Businessman Faces Trial in Alleged Plot
After prosecutors discovered what they believe is a written confession, a British magistrate ordered an Orange County businessman accused of plotting to kill five people to stand trial in London later this year.
Hans Frederick Johnston, who once controlled electronics manufacturer Statek Corp. in Orange, was arrested in April by London police, who charged the 71-year-old with conspiring to kill three American attorneys and two Swiss citizens, including his former partner at Statek. Johnston also was charged with possessing several fake identification cards.
Officials at Scotland Yard and the FBI, which assisted British police in the case, declined to say how they obtained Johnston’s letter. Johnston’s criminal attorneys in England also declined to comment.
Sources familiar with the case say the document represents a key piece of evidence in the British prosecution.
The case is rooted in a convoluted, decade-long dispute between Johnston and Swiss engineer Miklos Vendel, 57, over control of Statek, which makes electronic timing devices. After losing control of Statek to Vendel in 1996, Johnston allegedly went to London seeking an assassin to kill his former business partner.
But Johnston feared that the would-be killers, who still are at large, eventually would harm him, according to prosecutors. So he wrote out his plan to kill Vendel and gave the letter to an acquaintance, with instructions to hand it over to authorities if something happened to him.

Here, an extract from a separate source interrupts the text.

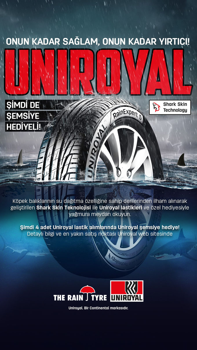 Yağmurlu havalarda ve ıslak yol koşullarında üstün performansı ve tasarımı ile öne çıkan Uniroyal lastikleri, sonbahar yağmurlarıyla birlikte sürücülerin en yakın yol arkadaşı oluyor. Yağmur lastiklerinin yaratıcısı olarak bilinen Uniroyal, geliştirdiği köpekbalığı derisi teknolojisi (Shark Skin Teknolojisi) sayesinde suyun hızla tahliye edilmesini sağlıyor. Bu sayede suda kızaklama güvenliği, düşük yuvarlanma direnci ve iyileştirilmiş yol tutuşu ile hem güvenlik hem de sürüş konforu sunuyor.

The letter, dated April 17 of this year, allegedly was written by Johnston.
In it, he accuses Vendel of causing him enormous financial damage. “These matters are not reversible. Lives can’t be changed back,” Johnston wrote. “I therefore decided some time ago . . . to eliminate” Vendel and his Delaware-based attorneys Thomas J. Allingham II, Cathy L. Reese and Robert J. Reese Jr.
Johnston allegedly went to England in search of someone to carry out the killing, according to the letter. Through a London contact, Johnston met with a team of “people in Dublin who specialize in such activities,” according to the letter.
Neither Vendel nor his three Delaware lawyers could be reached for comment.
Over the course of several weeks, Johnston apparently flew to Dublin, Ireland, several times to meet with the group to discuss the hit. Johnston allegedly paid this group 65,000 British pounds--or about $111,000--and promised another $60,000 once Vendel was dead, according to the letter.
In addition, Johnston would hand over a minority interest in privately held Statek to the assassins once he had regained control of the firm, the letter said.
Johnston apparently planned to go into hiding to avoid being investigated by law enforcement, according to the document. Using a forged birth certificate, Johnston obtained a British driver’s license and passport under the name William Reilly. Johnson also had a Belgian passport and an Irish driver’s license in the name of Joseph Moore, according to British police.
British authorities have found the real Reilly, whom officials say is living in a nursing home in Scotland and has never had a driver’s license.